*** RECORDS SHOWN ***

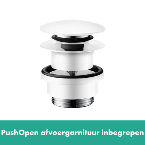 De PushOpen afvoergarnituur wordt ook meegeleverd en kan zonder trekstang worden bediend. Druk kort met de vinger op de afvoerstop en de klep gaat open of dicht. De kraan oogt nog puristischer zonder de trekstang aan de achterzijde.
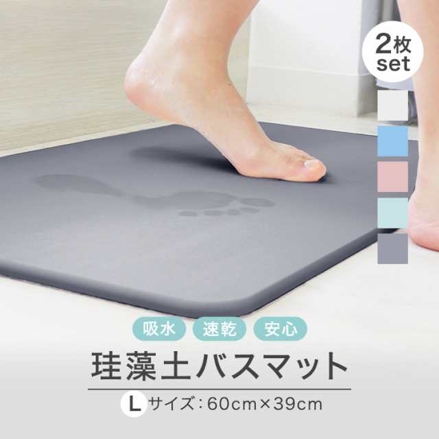 【ノンアスベスト】 珪藻土 バスマット 2枚セット 60cm 速乾 マット 珪藻土バスマット Lサイズ 足拭きマット 足ふきマット お風呂マット 水切りマット 吸水 速乾 抗菌 防臭 おしゃれ かわいい バス用品 新生活 送料無料
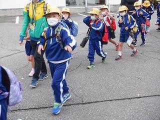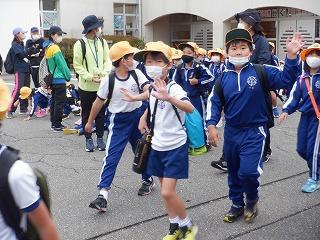 玄関では、全員元気に手を振って歩きだしました。1年生も2年生も、頑張って最後まで歩き、一緒に仲良く遊んで楽しい思い出にしてきてくださいね。
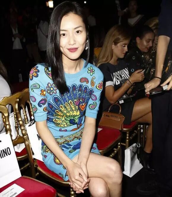 刘雯受品牌方邀请出席Moschino 2017春夏大秀现场,装扮的孔雀开屏一件式超短裙,甜美笑容搭配单侧珍珠细节的耳环,显得俏皮活泼。
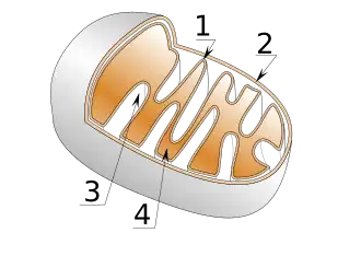 Estrutura mitocondrial: (1) membrana interna, (2) membrana externa, (3) cristas, (4) matriz
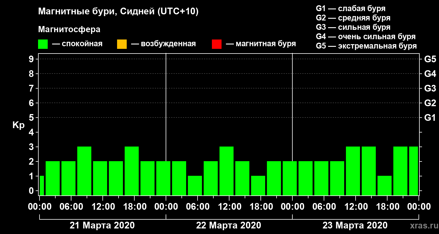 Изменения геомагнитного индекса Kp с 21 по 23 марта 2020 года для средних широт
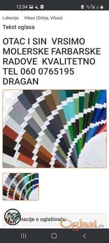 Tekst oglasa: <p>,,OTAC I SIN ,,VRSIMO MOLERSKE FARBARSKE RADOVE...060 0765195.</p> |
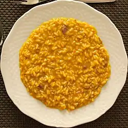 Risotto alla milanese, a saffron-infused dish, is Milan’s iconic first course, prepared with Carnaroli rice, bone marrow, butter, and grated cheese.[29] Numerous regional variants incorporate local ingredients, such as luganega sausage, pumpkin, mushrooms, or gorgonzola, reflecting the diversity of Milanese agriculture.[note 2]
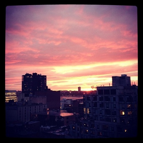 Today’s gray sky throws itself a neon party at sunset (NYC)
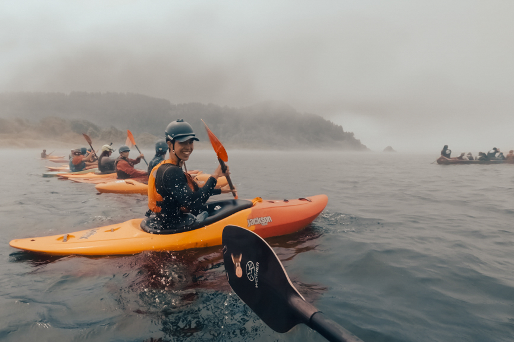 It was a scene straight from Pirates of the Caribbean, Rez edition. A rainbow of kayaks paddled through dense fog as a fleet of rafts followed behind. In every way, mystical. In my culture (Diné-Navajo), the belief around fog and mist is that it is one of our connections from the physical world to the spirit world. The local Yurok woman, Brooke, on my boat that morning, seemed to be reading my mind as I pulled deeper into the clouds, saying her culture had a special belief about the spirit of the mist, too. With this, we realized in unison that all our ancestors were with us that morning, wrapping us in their presence.
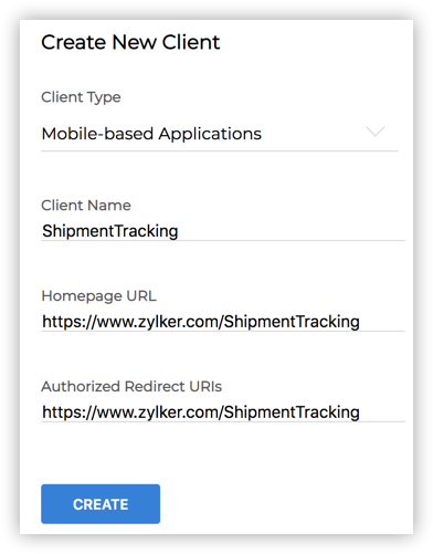 You can refer to Zoho's OAuth documentation for more details.Note: You can choose the Self Client type to test the client-server handling for your application, or if your application does not have a domain. You need not provide any details for this type. You can only create one Self Client client for your user account.
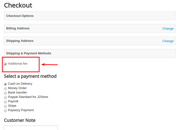 Name of the fee: Enter the name for additional fee. The value given here will be displayed during checkout.
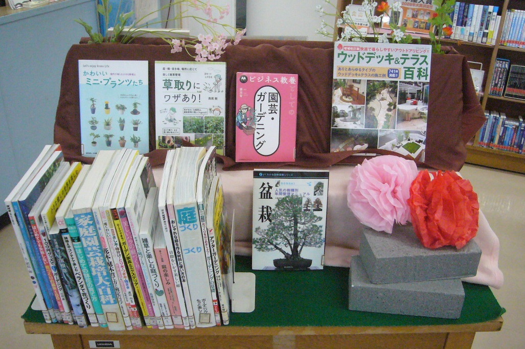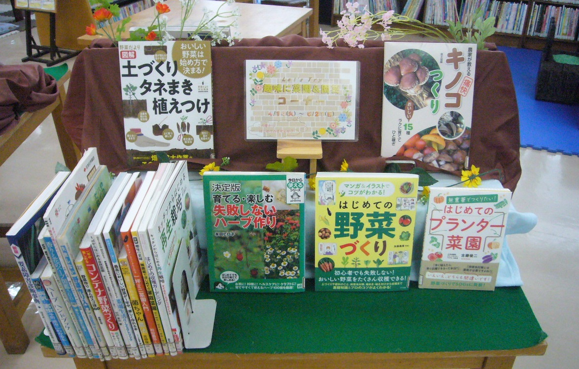 > この春から,自分で野菜を作ったり花を植えてみたいと考えていらっしゃる方に向けて,図書室から菜園や園芸,ガーデニングといった関連する本50冊を並べてコーナーを設けておりますのでぜひお越しの際には手に取ってみて下さい。
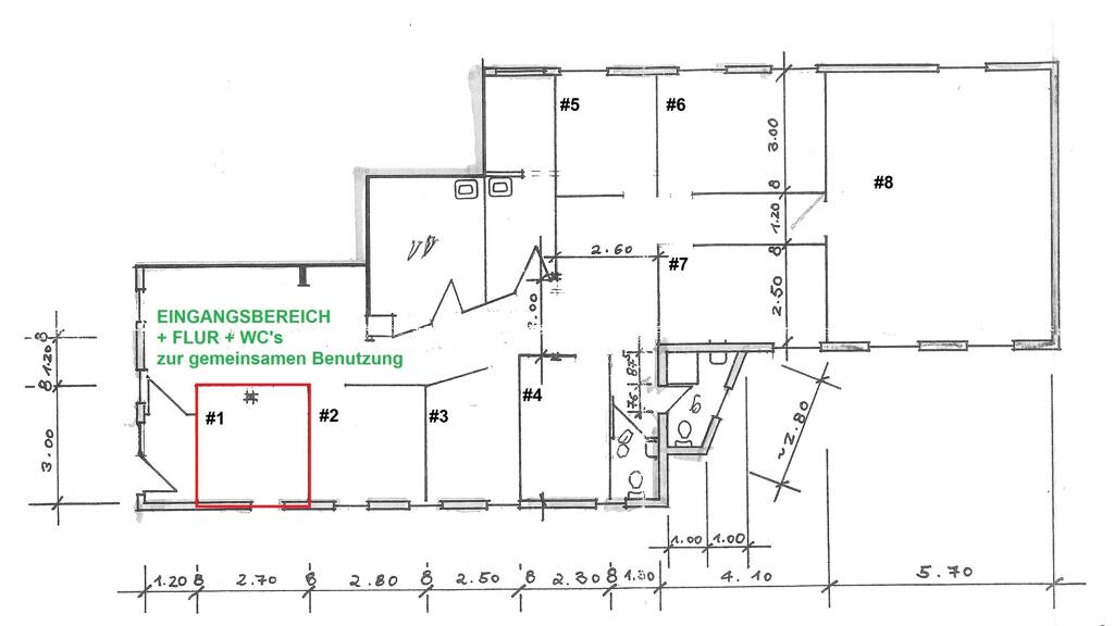 Die Sanitärräume sowie der Empfangsbereich steht Ihnen mit den anderen Mieter zur Verfügung.
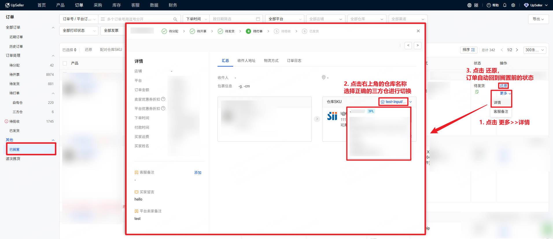 注意:切换仓库成功后,需点击“还原”,将订单还原至“待打单>>三方仓”状态
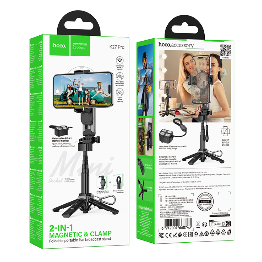Монопод (трипод) Hoco K27 Pro Magic Mini Selfie Stick (для селфі та фотозйомки) 0.48m
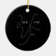 Lightweight, smooth, pure white ornament with nice sheen. Perfect size to be seen from across the room ... and to attract closer inspection! Price was great for ordering enough for the whole family! Clear, bold black design just as requested. Matches the order exactly. Just so nice!
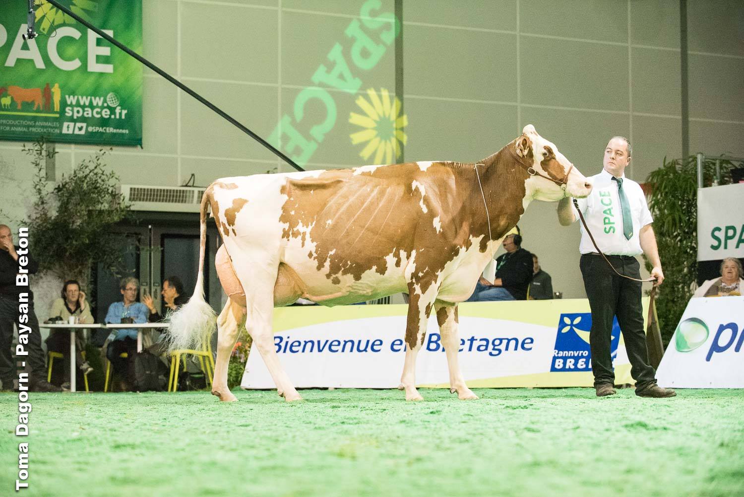 RZH Enya-Red of Diamond Genetics & Rijnhof Holsteins (bred by RZH Holsteins, Germany) has achieved a unique performance yesterday at the French National Show, the SPACE 2017! She won the Res. Intermediate Championship between in the very strong B&W competition! A performance which has never often seen before in a National Show!! Enya has the complete package as a R&W Ladd P from Rainyridge Mr Burns Eara EX-92 - going back on the oldest World Dairy Expo Grand Champion in the history: Rainyrige Tony Beauty EX-CAN! Click futher for her pictures and more info.
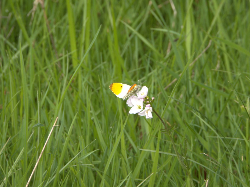 When I ducked out of the hide I was delighted to spy and Orange Tip Butterfly. She danced in front of me for a brief moment before obligingly settling onto a flower. She held me captive for that second, batting her colourful wings and displaying the array of patterns below her wing tips. Butterflies have always defied me when I have my camera and will often move at the last moment, dissapearing from sight so I was quite pleased to manage this shot.
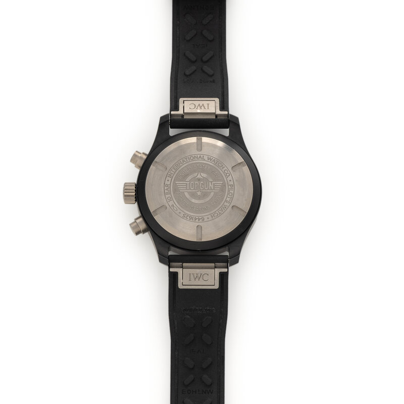 Stamps: Case back: TOP GUN UNITED STATES NAVY FIGHTER WEAPONS SCHOOL INTERNATIONAL WATCH CO. PILOT'S WATCH 6441625 10 BAR. Strap: IWC SWISS MADE IEAL E0HLNW BA. Buckle: IWC DHEH TI SWISS.
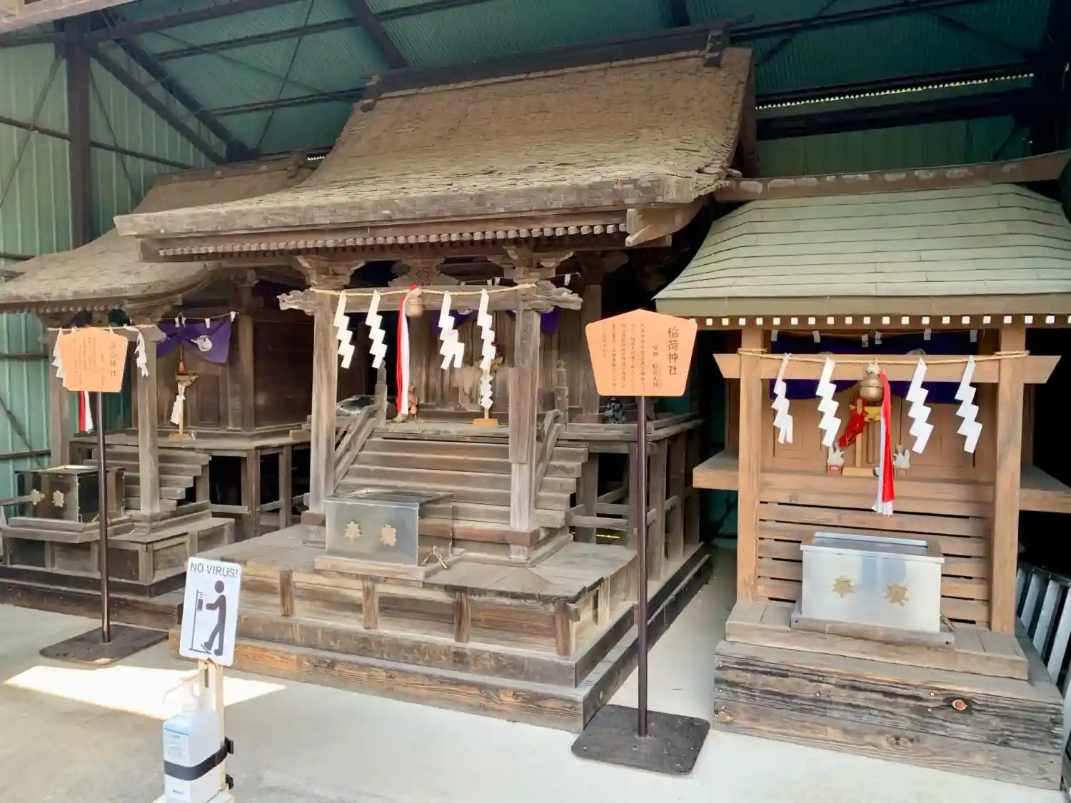 諏訪神社 拝殿前左側に境内社(右:稲荷神社(稲荷大神様)、中:深山神社(大山祇神様、木華開耶姫命様)左:八雲神社(須佐之男命様)
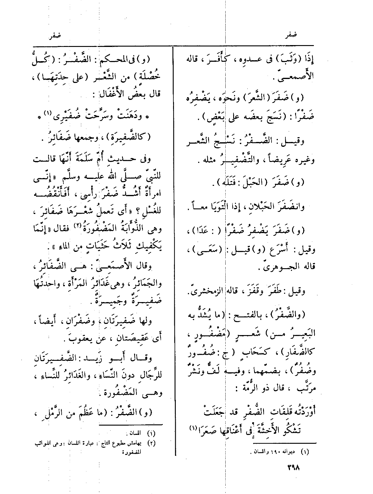 (و) فِي الْمُحكم: الضَّفْرُ: (كُلُّ خُصْلَةٍ) من الشَّعْر (على حِدَتِهَا) ، قَالَ بعضُ الأَغْفَال:
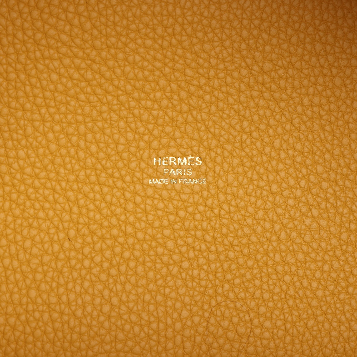 Picotin 18 Lock is in Jaune Ambre clemence leather with palladium hardware and has tonal stitching with two top handles.
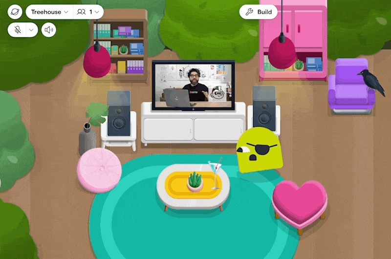 It’s possible to add a Youtube video (or Youtube livestream!) into a room by going to **Build Menu > Elements > Video**. Builders can alter the floor placement of the video as well as the z-index, like any other element.&#x20;

*** End of RECORDS SHOWN ***

WHAT YOU HAVE TO DO =
In the copy, include no pictures; otherwise transcribe the entries exactly.

SOLUTION FOR THIS PROBLEM =
 De PushOpen afvoergarnituur wordt ook meegeleverd en kan zonder trekstang worden bediend. Druk kort met de vinger op de afvoerstop en de klep gaat open of dicht. De kraan oogt nog puristischer zonder de trekstang aan de achterzijde.
 【ノンアスベスト】 珪藻土 バスマット 2枚セット 60cm 速乾 マット 珪藻土バスマット Lサイズ 足拭きマット 足ふきマット お風呂マット 水切りマット 吸水 速乾 抗菌 防臭 おしゃれ かわいい バス用品 新生活 送料無料
 玄関では、全員元気に手を振って歩きだしました。1年生も2年生も、頑張って最後まで歩き、一緒に仲良く遊んで楽しい思い出にしてきてくださいね。
 刘雯受品牌方邀请出席Moschino 2017春夏大秀现场,装扮的孔雀开屏一件式超短裙,甜美笑容搭配单侧珍珠细节的耳环,显得俏皮活泼。
 Estrutura mitocondrial: (1) membrana interna, (2) membrana externa, (3) cristas, (4) matriz
 Изменения геомагнитного индекса Kp с 21 по 23 марта 2020 года для средних широт
 Tekst oglasa: <p>,,OTAC I SIN ,,VRSIMO MOLERSKE FARBARSKE RADOVE...060 0765195.</p> |
 Risotto alla milanese, a saffron-infused dish, is Milan’s iconic first course, prepared with Carnaroli rice, bone marrow, butter, and grated cheese.[29] Numerous regional variants incorporate local ingredients, such as luganega sausage, pumpkin, mushrooms, or gorgonzola, reflecting the diversity of Milanese agriculture.[note 2]
 Today’s gray sky throws itself a neon party at sunset (NYC)
 It was a scene straight from Pirates of the Caribbean, Rez edition. A rainbow of kayaks paddled through dense fog as a fleet of rafts followed behind. In every way, mystical. In my culture (Diné-Navajo), the belief around fog and mist is that it is one of our connections from the physical world to the spirit world. The local Yurok woman, Brooke, on my boat that morning, seemed to be reading my mind as I pulled deeper into the clouds, saying her culture had a special belief about the spirit of the mist, too. With this, we realized in unison that all our ancestors were with us that morning, wrapping us in their presence.
 You can refer to Zoho's OAuth documentation for more details.Note: You can choose the Self Client type to test the client-server handling for your application, or if your application does not have a domain. You need not provide any details for this type. You can only create one Self Client client for your user account.
 Name of the fee: Enter the name for additional fee. The value given here will be displayed during checkout.
 > この春から,自分で野菜を作ったり花を植えてみたいと考えていらっしゃる方に向けて,図書室から菜園や園芸,ガーデニングといった関連する本50冊を並べてコーナーを設けておりますのでぜひお越しの際には手に取ってみて下さい。
 Die Sanitärräume sowie der Empfangsbereich steht Ihnen mit den anderen Mieter zur Verfügung.
 注意:切换仓库成功后,需点击“还原”,将订单还原至“待打单>>三方仓”状态
Монопод (трипод) Hoco K27 Pro Magic Mini Selfie Stick (для селфі та фотозйомки) 0.48m
 Lightweight, smooth, pure white ornament with nice sheen. Perfect size to be seen from across the room ... and to attract closer inspection! Price was great for ordering enough for the whole family! Clear, bold black design just as requested. Matches the order exactly. Just so nice!
 RZH Enya-Red of Diamond Genetics & Rijnhof Holsteins (bred by RZH Holsteins, Germany) has achieved a unique performance yesterday at the French National Show, the SPACE 2017! She won the Res. Intermediate Championship between in the very strong B&W competition! A performance which has never often seen before in a National Show!! Enya has the complete package as a R&W Ladd P from Rainyridge Mr Burns Eara EX-92 - going back on the oldest World Dairy Expo Grand Champion in the history: Rainyrige Tony Beauty EX-CAN! Click futher for her pictures and more info.
 When I ducked out of the hide I was delighted to spy and Orange Tip Butterfly. She danced in front of me for a brief moment before obligingly settling onto a flower. She held me captive for that second, batting her colourful wings and displaying the array of patterns below her wing tips. Butterflies have always defied me when I have my camera and will often move at the last moment, dissapearing from sight so I was quite pleased to manage this shot.
 Stamps: Case back: TOP GUN UNITED STATES NAVY FIGHTER WEAPONS SCHOOL INTERNATIONAL WATCH CO. PILOT'S WATCH 6441625 10 BAR. Strap: IWC SWISS MADE IEAL E0HLNW BA. Buckle: IWC DHEH TI SWISS.
 諏訪神社 拝殿前左側に境内社(右:稲荷神社(稲荷大神様)、中:深山神社(大山祇神様、木華開耶姫命様)左:八雲神社(須佐之男命様)
 (و) فِي الْمُحكم: الضَّفْرُ: (كُلُّ خُصْلَةٍ) من الشَّعْر (على حِدَتِهَا) ، قَالَ بعضُ الأَغْفَال:
 Picotin 18 Lock is in Jaune Ambre clemence leather with palladium hardware and has tonal stitching with two top handles.
 It’s possible to add a Youtube video (or Youtube livestream!) into a room by going to **Build Menu > Elements > Video**. Builders can alter the floor placement of the video as well as the z-index, like any other element.&#x20;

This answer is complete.